By Michelle Alten

Faxifoss
Iceland is a relatively young country—it only gained independence from Denmark in 1918, and as we drive through Reykjavik, everything looks new. It is hard to imagine this is the land of the Sagas, tales written in the 12th and 13th century. Once we leave the capital and enter the rolling hills of the countryside, I can envision a land of sod houses and remote hamlets. Today pristine, white cement homes dot the verdant slopes, while sheep and chubby Icelandic horses graze in endless pastures. The rain has followed us today as it soaks into the porous earth and reappears in springs, lakes and waterfalls.

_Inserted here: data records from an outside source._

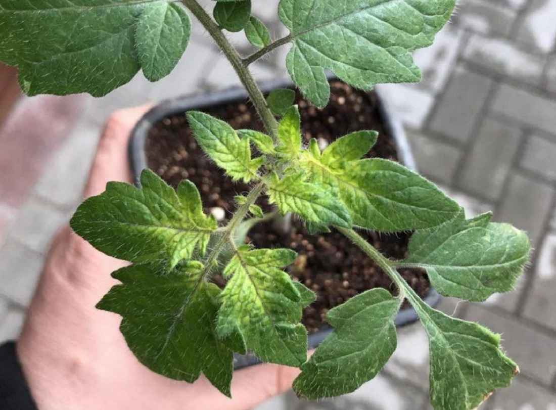 Светлые пятна на листьях свидетельствуют о недостатке азота, а в случае недостатка фосфора на листовых пластинках можно заметить фиолетовое обесцвечивание. Если томатам не хватает калия и кальция, их листья будут иметь лёгкое обесцвечивание между жилками, в то время как следы некроза часто связаны с дефицитом кальция. Симптомом дефицита железа или магния является хлороз, заметный на самых молодых листьях.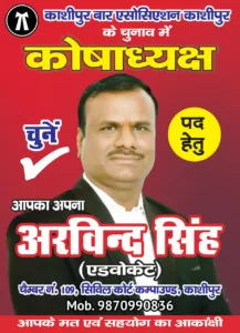 काशीपुर बार चुनाव – एड0 अरविन्द सिंह ने कोषाध्यक्ष पद के लिए किया अपना नामांकन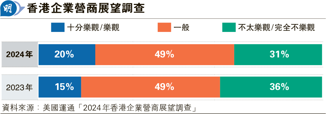 【明報專訊】美國運通公布「2024 年香港企業營商展望調查」結果,報告指隨着本港自去年初開始通關,商業活動亦陸續復常,本地企業對今年的整體營商信心較去年有略為改善。有兩成受訪的本地企業對今年營商環境感到樂觀或十分樂觀,較去年上升5個百分點(見圖);惟仍有49%企業仍對對今年營商環境抱持平態度,與去年持平;而31%企業則表示不太樂觀或非常不樂觀,較去年跌5個百分點。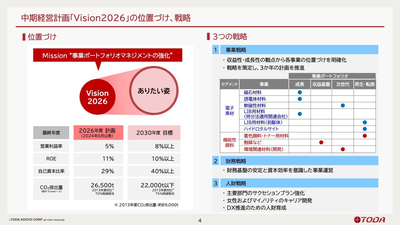 まずは「Vision2026」の戦略概要についてご説明します。2030年度における戸田工業として「ありたい姿」を設定しました。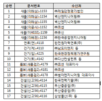 정유섭 의원실이 한수원 측으로부터 받은 자료에 따르면 이번 신고리 5,6호기 공사 중단으로 ‘계약 일시 중단’ 공문을 받은 업체는 총 17개다. 한국전력기술, 한전원자력연료 등 한전 관계사를 포함해 벽산엔지니어링, 코센, 두산중공업, 삼성물산 등 원전 시공 및 기자재 공급을 담당하는 기업들이다.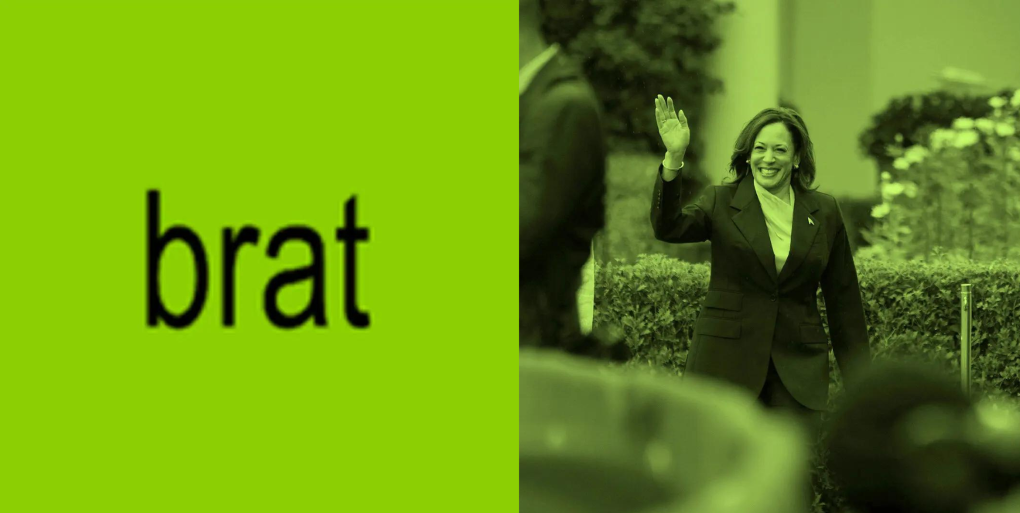 在美國總統拜登(Joe Biden)近日宣布退選並表態支持賀錦麗(Kamala Harris)後,Charli XCX 在社群平台 X 上發佈推文:「Kamala Is Brat.」,而善於擁抱迷因文化的賀錦麗競選團隊隨後也更換官方頁面圖像,讓「霓虹萊姆綠」在幾天內迅速成為網路迷因,透過 TikTok 和 X 等社群平台擴散,成為本次美國總統競選活動中象徵賀錦麗與其支持者的一個有力視覺符號,有效拉近了與年輕選民的距離。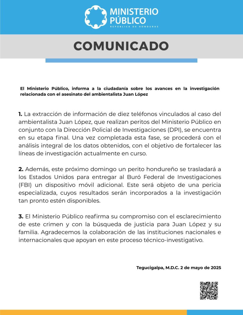 El pasado viernes 2 de mayo, mediante un comunicado el Ministerio Público dio a conocer a la ciudadanía hondureña, los avances obtenidos en la investigación del asesinato del defensor ambiental, Juan López, que esta siendo llevada a cabo en conjunto con la Dirección Policial de Investigaciones (DPI).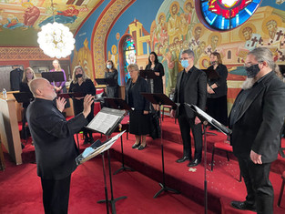 On March 6,2021 - St. Romanos Choir sang "The Divine Liturgy Based on Serbian Chant" by Gennady Lapaev, at the Holy Resurrection Serbian Orthodox Cathedral in Chicago.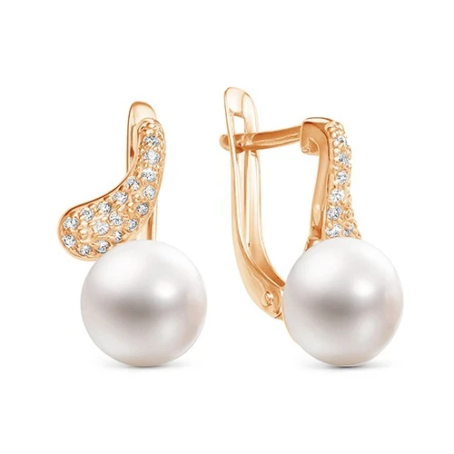 Серьги из красного золота с белыми речными жемчужинами 8,5-9 мм, (3729)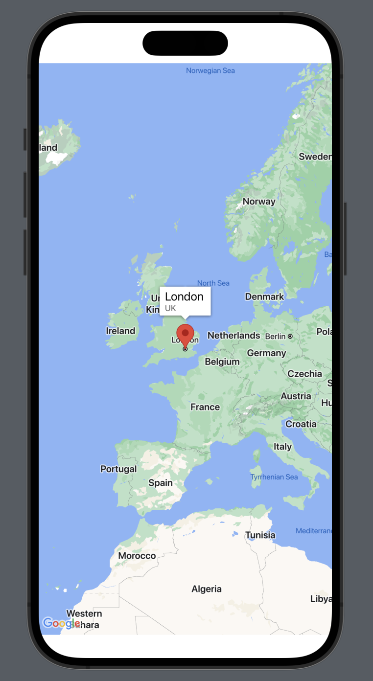 이렇게 런던에 마커가 찍혀있고 클릭해보면 위 코드에서 설정한 title과 snippet이 보이게된다.

Birds are everywhere, taking advantage of the pristine environment: tufted ducks and grey-legged geese swim in a pond. At a lunch stop, black-tailed Godwits poke in the grasses searching for invertebrates. Like the birds, we brave the rain to see some of Iceland’s mystical and misty waterfalls today: Faxifoss—Foss meaning waterfall—is named for its long cascade, resembling a horse’s mane. Gullfoss—Golden Waterfall—is magnificent and Iceland’s largest cataract. Stunned by its beauty, I recall my childhood visits to Niagara Falls. But this waterfall is surrounded by lush grassy hillsides instead of souvenir shops. We venture through the rain all day, even to Geysir, the shoot of water that gave the name to all of these exploding chutes of water, heated beneath the earth’s surface. Finally after dinner, the torrents subside, an azure sky emerges, and Iceland’s true beauty reveals itself.